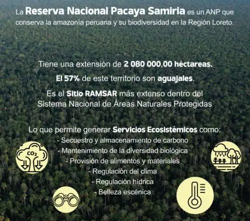 La Reserva Nacional Pacaya Samiria desempeña un rol clave para mitigar los efectos del cambio climático, dado que sus bosques y humedales almacenan alrededor del 40 % del carbono retenido en el territorio peruano.
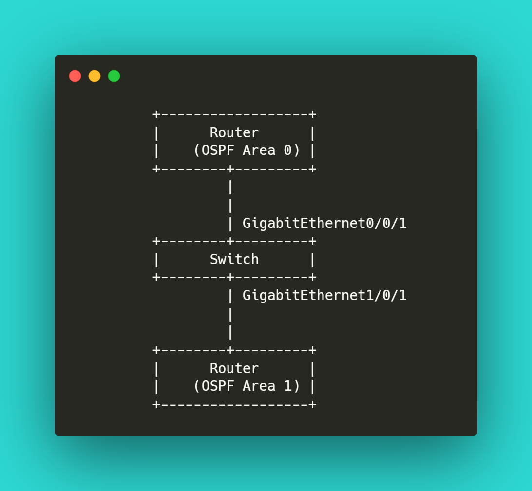 在这个简易的拓扑图中,有两台路由器和一台交换机。两台路由器分别位于不同的OSPF区域(Area 0和Area 1)。它们之间通过交换机连接。连接路由器和交换机的接口名称分别为GigabitEthernet0/0/1和GigabitEthernet1/0/1。
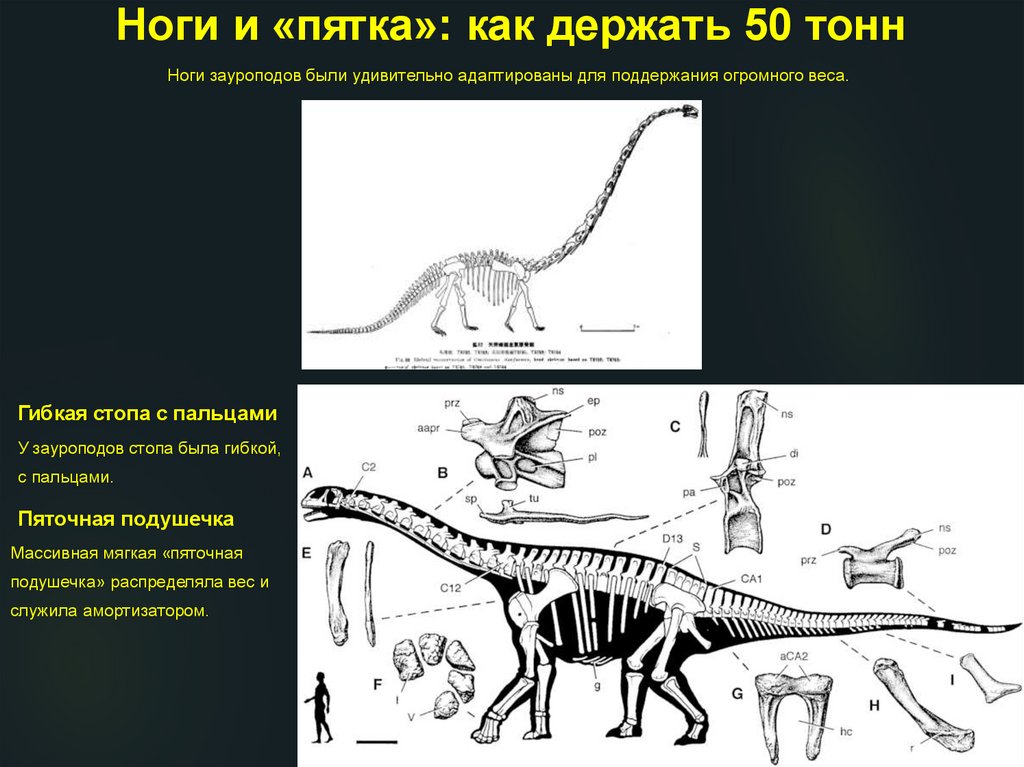 Ноги и «пятка»: как держать 50 тоннНоги зауроподов были удивительно адаптированы для поддержания огромного веса.
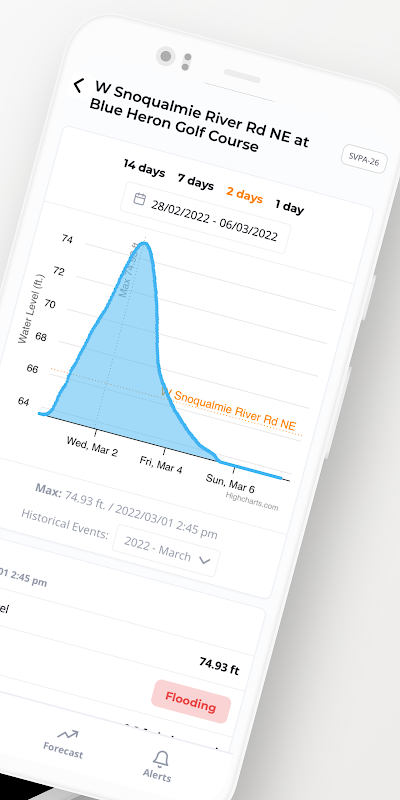 Floodzilla proporciona información sobre inundaciones en tiempo real para el valle de Snoqualmie, que incluye:
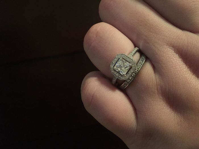 Hey ladies! My DH surprised me with a new ring last night on our 4 year (since we starting dating) anniversary. I love love love it! Only problem is that it pushes off my wedding band. I am now looking for a new one. Any ladies with rings this style...
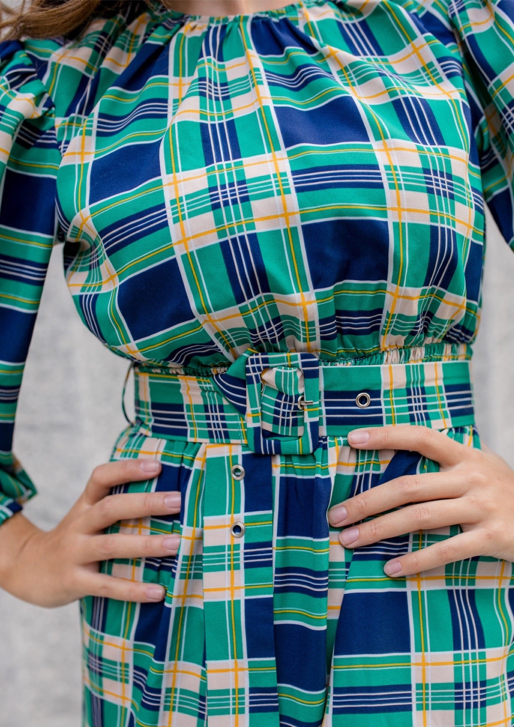 The waist is rows of elastic that can be worn with or without the matching fabric belt.
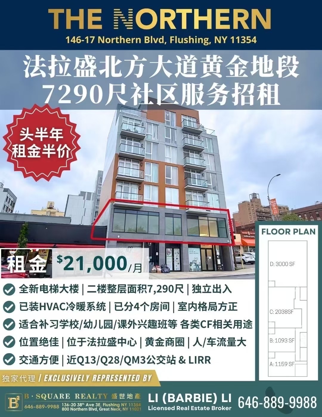 纽约法拉盛北方大道2楼7290尺招租头半年半价!欢迎合作!有钥匙
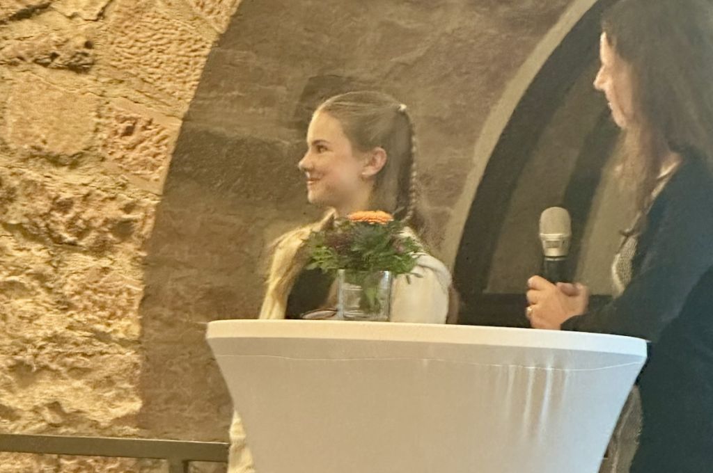 Amelie Roth zeigte im laufenden Schuljahr ein außergewöhnliches Maß an Engagement und Leistungsbereitschaft. Neben der intensiven Vorbereitung auf das Schulmusical, bei dem sie selbst eine Hauptrolle übernimmt, nahm sie erfolgreich am Wettbewerb „Kreative Köpfe 2025“ teil.
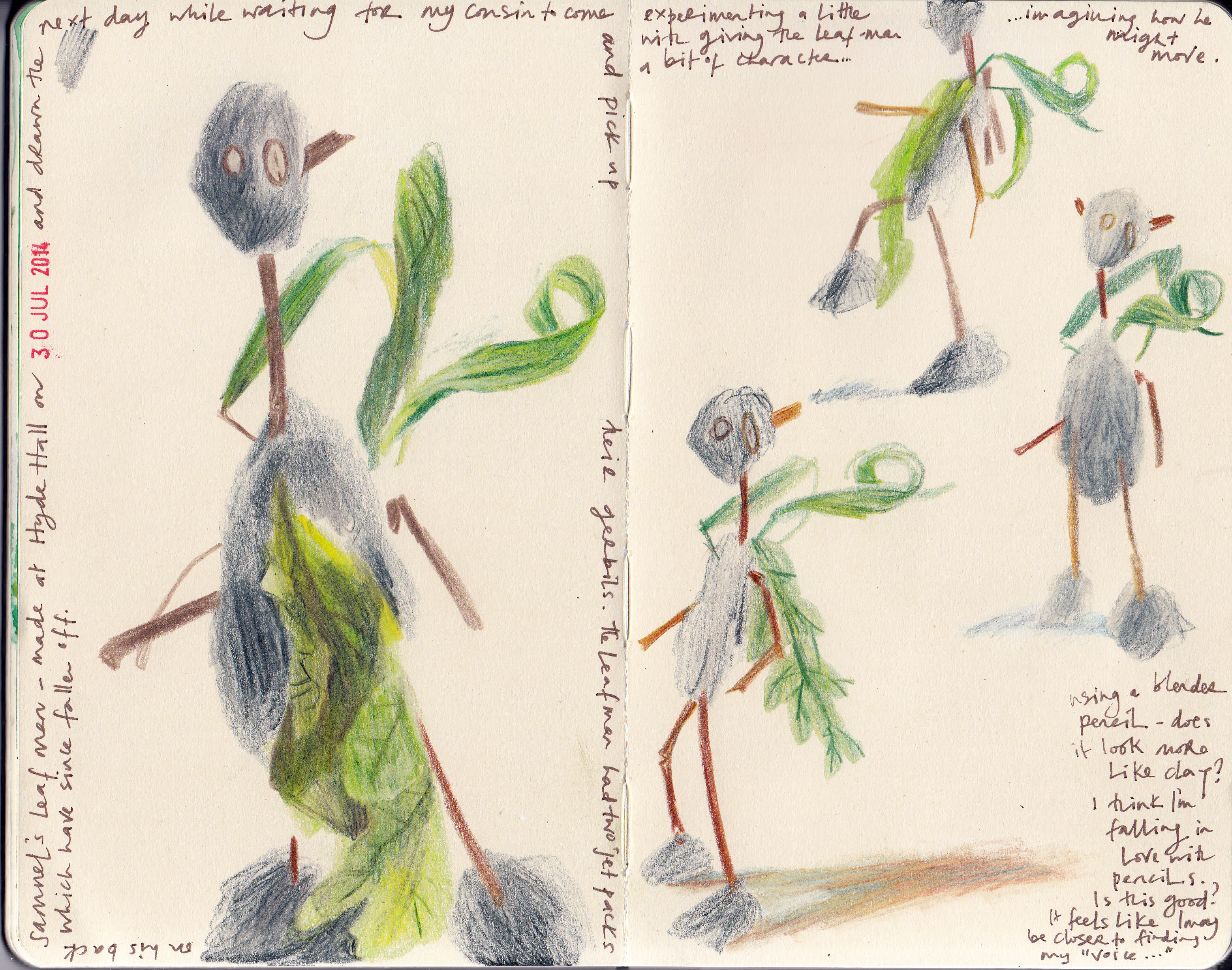 Well, in an attempt to keep updating my blog regularly, or at least a bit more frequently, I’d like to share my latest sketchbook doodle – drawn predominantly ‘from life’, very quickly, with coloured pencils.
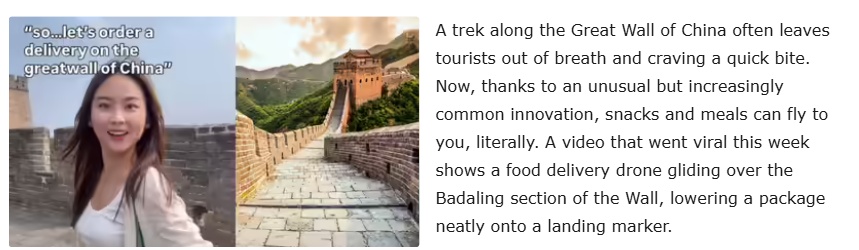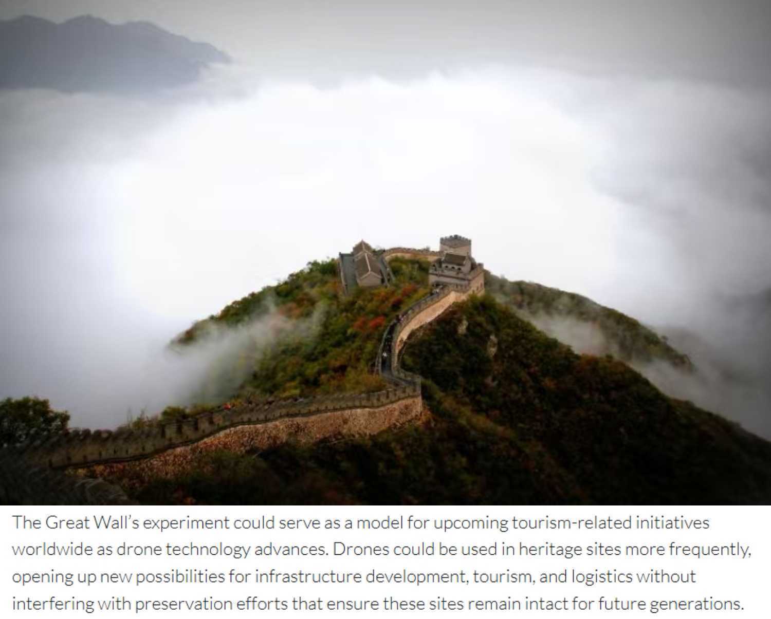 美國《旅行和旅游世界》網(wǎng)站報(bào)道認(rèn)為,中國已成為無人機(jī)技術(shù)開發(fā)與應(yīng)用的全球引領(lǐng)者,政府正積極推動無人機(jī)在物流、旅游和應(yīng)急服務(wù)等領(lǐng)域的應(yīng)用。在長城這類標(biāo)志性景區(qū)的實(shí)踐,進(jìn)一步彰顯了中國將科技深度融入人文景觀的決心。隨著無人機(jī)物流網(wǎng)絡(luò)的持續(xù)擴(kuò)展,其必將在中國乃至全球旅游業(yè)未來發(fā)展中扮演關(guān)鍵角色。無論是運(yùn)送餐食、醫(yī)療物資還是應(yīng)急救援物資,這項(xiàng)技術(shù)正在重塑運(yùn)輸模式,特別是在傳統(tǒng)運(yùn)輸難以覆蓋的區(qū)域。

=====

Directions for this task |
Given the listing above, repeat exactly the lines starting at the one with "纽约法拉盛北方大道2楼7290尺招租头半年半价!欢迎合作!有钥匙" and ending at the one with "Amelie Roth zeigte", inclusive, excluding pictures.

Answer to this problem |
 纽约法拉盛北方大道2楼7290尺招租头半年半价!欢迎合作!有钥匙
 Amelie Roth zeigte im laufenden Schuljahr ein außergewöhnliches Maß an Engagement und Leistungsbereitschaft. Neben der intensiven Vorbereitung auf das Schulmusical, bei dem sie selbst eine Hauptrolle übernimmt, nahm sie erfolgreich am Wettbewerb „Kreative Köpfe 2025“ teil.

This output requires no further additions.